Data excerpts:
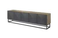 Praktičnost tohoto stolku je zaručena díky jeho rozměrům 200 x 56 x 40 cm, které poskytují dostatek prostoru pro televizi a další předměty. Stolek je navíc vybaven 5 dvířky a 5 policemi, které zajišťují dostatečný úložný prostor.
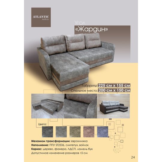 Ширина мм:2250 Высота мм:750 Глубина мм:1550 Спальное место:1500*2000 Механизм раскладывания дивана:Еврокнижка Ткань :1 категория ткани Материал корпуса:Дерево Гарантия:12 месяцев Бренд:​Atlantic-мебель
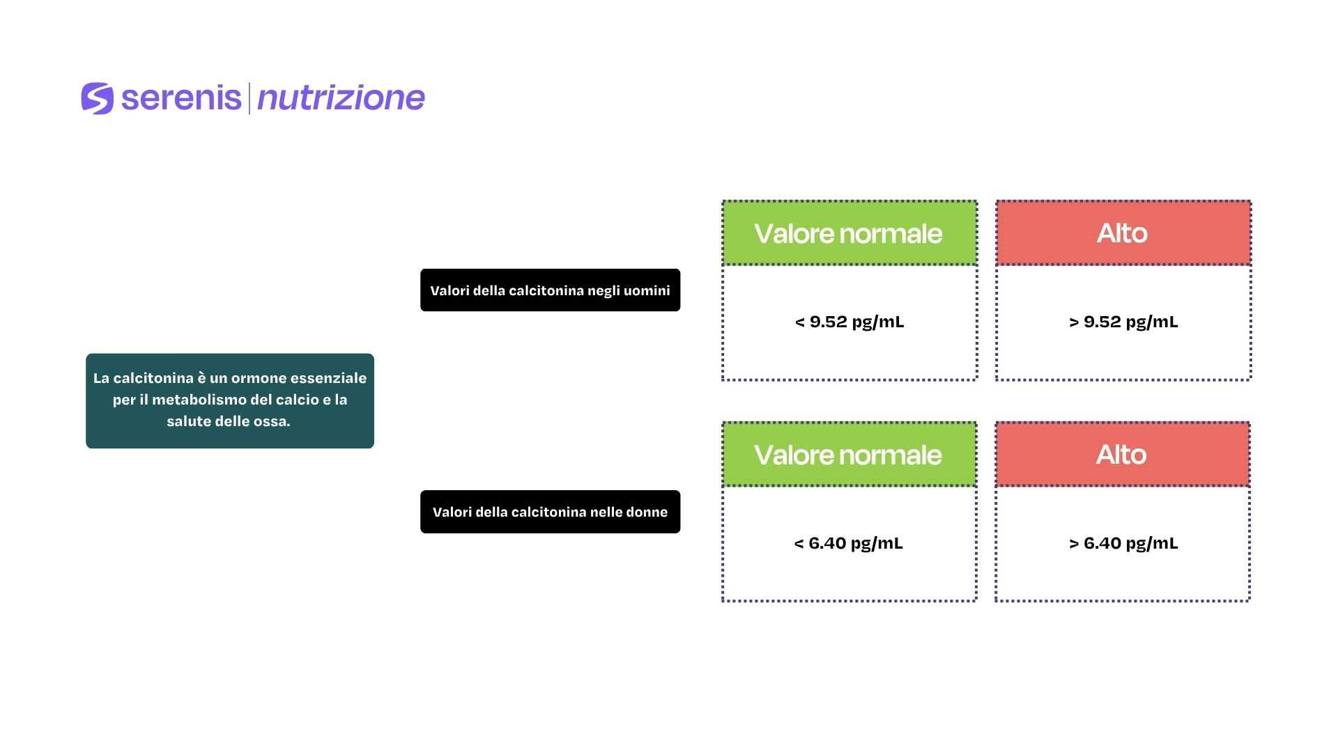 I valori normali della calcitonina variano in base al sesso, nello specifico:
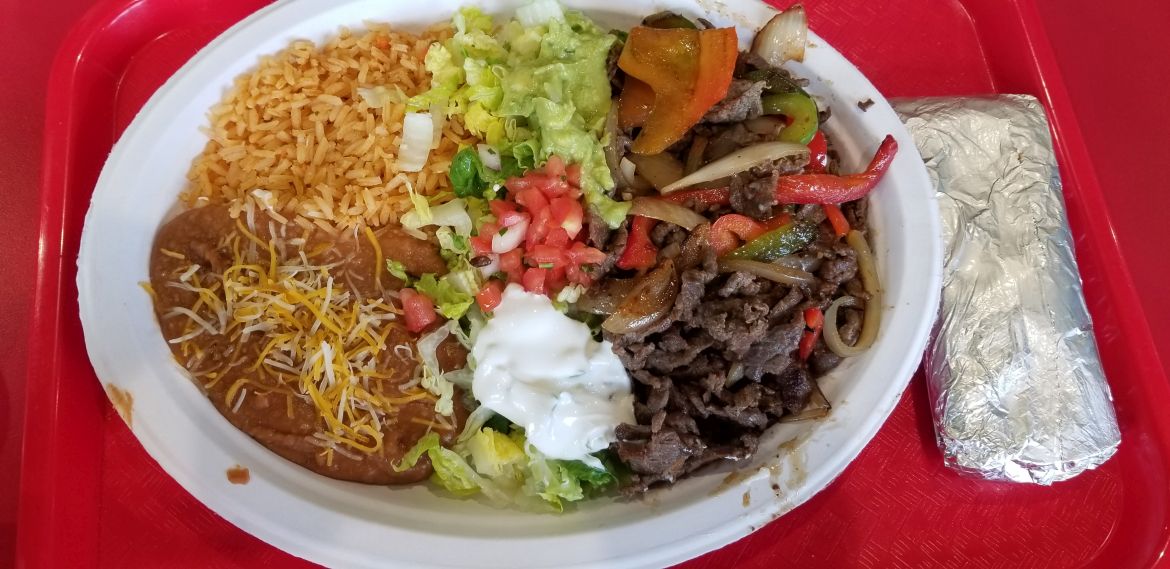 I ordered the steak fajita, which came with lettuce, tomatoes, sour cream, and guacamole. The plate was filled with meat, onions, bell peppers, rice, and beans. The portions seemed a little bit off, but the meal was cooked well and fresh. My favorite part of the meal was the guacamole and chips.
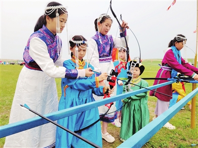 晚报小记者在贡格尔草原学习射箭。张译心 摄
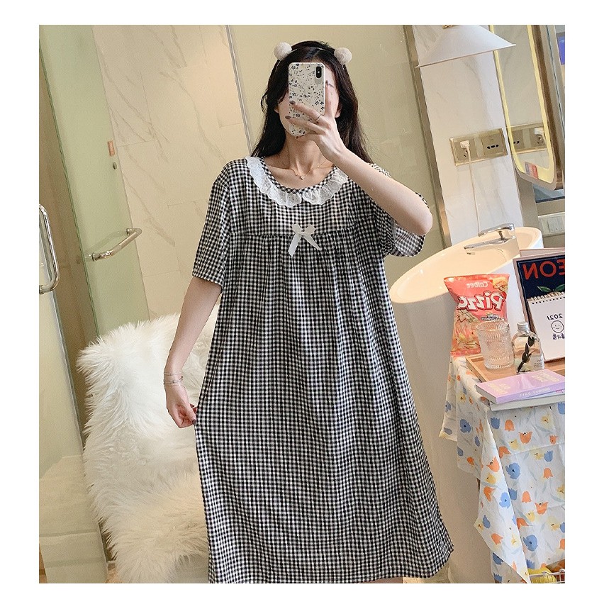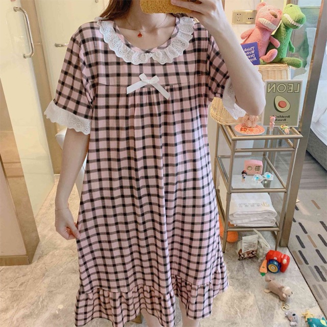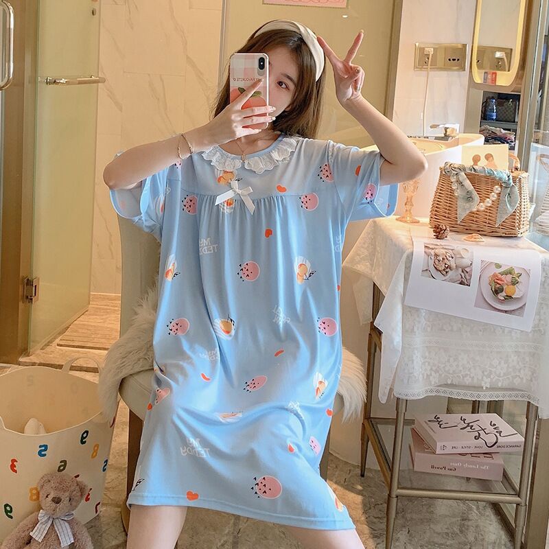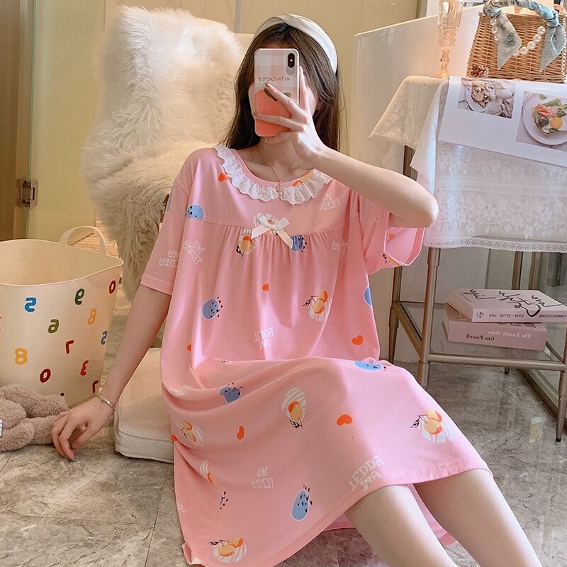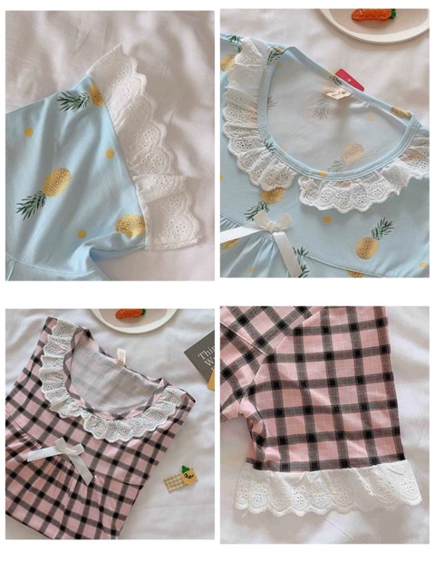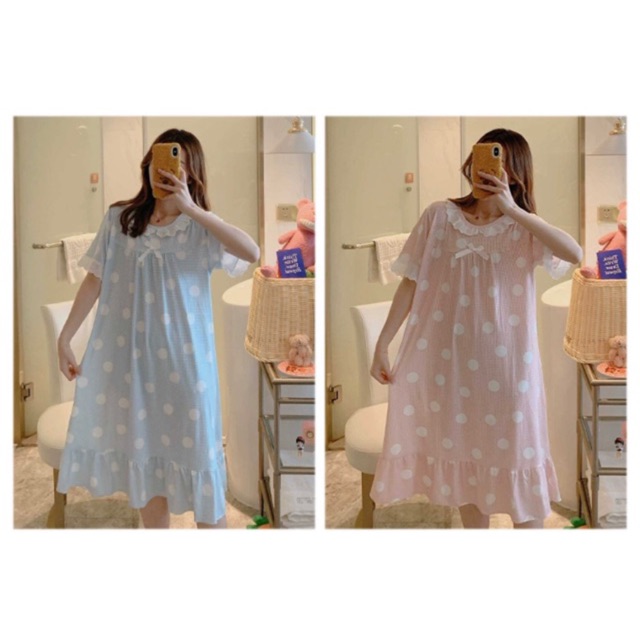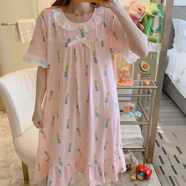 🔥🔥(พร้อมส่ง‼️)🔥🔥Aชุดนอนกระโปรง ชุดนอนชุดใส่อยู่บ้านสไตล์เกาหลี เนื้อผ้านิ่ม ผ้าคอตตอน ใส่สบ

[Task objective]
Reproduce all of the data exactly; the pictures do not belong in the copy.

[Answer below]
 Praktičnost tohoto stolku je zaručena díky jeho rozměrům 200 x 56 x 40 cm, které poskytují dostatek prostoru pro televizi a další předměty. Stolek je navíc vybaven 5 dvířky a 5 policemi, které zajišťují dostatečný úložný prostor.
 Ширина мм:2250 Высота мм:750 Глубина мм:1550 Спальное место:1500*2000 Механизм раскладывания дивана:Еврокнижка Ткань :1 категория ткани Материал корпуса:Дерево Гарантия:12 месяцев Бренд:​Atlantic-мебель
 I valori normali della calcitonina variano in base al sesso, nello specifico:
 I ordered the steak fajita, which came with lettuce, tomatoes, sour cream, and guacamole. The plate was filled with meat, onions, bell peppers, rice, and beans. The portions seemed a little bit off, but the meal was cooked well and fresh. My favorite part of the meal was the guacamole and chips.
 晚报小记者在贡格尔草原学习射箭。张译心 摄
 🔥🔥(พร้อมส่ง‼️)🔥🔥Aชุดนอนกระโปรง ชุดนอนชุดใส่อยู่บ้านสไตล์เกาหลี เนื้อผ้านิ่ม ผ้าคอตตอน ใส่สบ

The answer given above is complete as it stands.